Related papers: Bridging Gaps Between Student and Expert Evaluations of AI-Generated Programming Hints

Bridging Gaps Between Student and Expert Evaluations of AI-Generated Programming Hints

URL: http://arxiv.org/abs/2509.03269v1
Date: Wed, 03 Sep 2025 12:38:35 GMT
Title: Bridging Gaps Between Student and Expert Evaluations of AI-Generated Programming Hints
Authors: Tung Phung, Mengyan Wu, Heeryung Choi, Gustavo Soares, Sumit Gulwani, Adish Singla, Christopher Brooks,
Abstract summary: We study mismatches in perceived hint quality from students' and experts' perspectives.<n>We propose and discuss preliminary results on potential methods to bridge these gaps.
Score: 21.254611931654132
License: http://arxiv.org/licenses/nonexclusive-distrib/1.0/
Abstract: Generative AI has the potential to enhance education by providing personalized feedback to students at scale. Recent work has proposed techniques to improve AI-generated programming hints and has evaluated their performance based on expert-designed rubrics or student ratings. However, it remains unclear how the rubrics used to design these techniques align with students' perceived helpfulness of hints. In this paper, we systematically study the mismatches in perceived hint quality from students' and experts' perspectives based on the deployment of AI-generated hints in a Python programming course. We analyze scenarios with discrepancies between student and expert evaluations, in particular, where experts rated a hint as high-quality while the student found it unhelpful. We identify key reasons for these discrepancies and classify them into categories, such as hints not accounting for the student's main concern or not considering previous help requests.
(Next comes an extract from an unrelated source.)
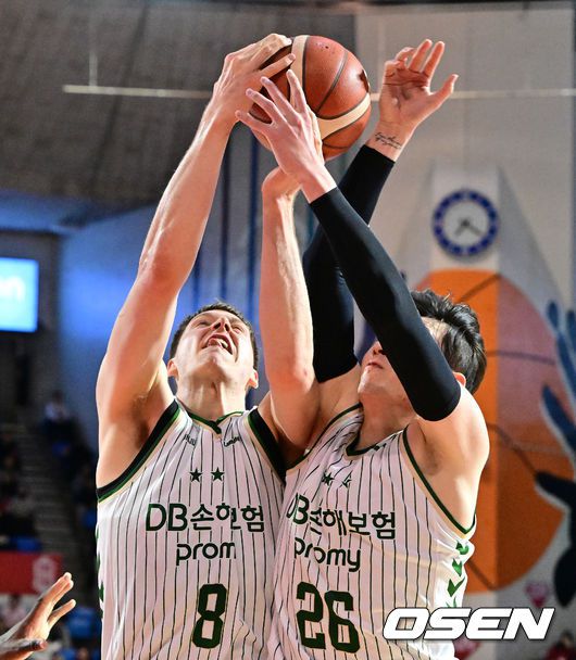 19일 오후 서울 잠실학생체육관에서 2025-2026 LG전자 프로농구 서울 SK와 원주 DB의 경기가 열렸다. SK는 17승 13패 4위, 8연승에 도전하는 DB는 20승 10패 2위를 기록중이다. 2쿼터 DB 엘런슨, 강상재가 리바운드를 다투고 있다. 2026.01.13/ jpnews@osen.co.kr

Finally, we propose and discuss preliminary results on potential methods to bridge these gaps, first by extending the expert-designed quality rubric and then by adapting the hint generation process, e.g., incorporating the student's comments or history. These efforts contribute toward scalable, personalized, and pedagogically sound AI-assisted feedback systems, which are particularly important for high-enrollment educational settings.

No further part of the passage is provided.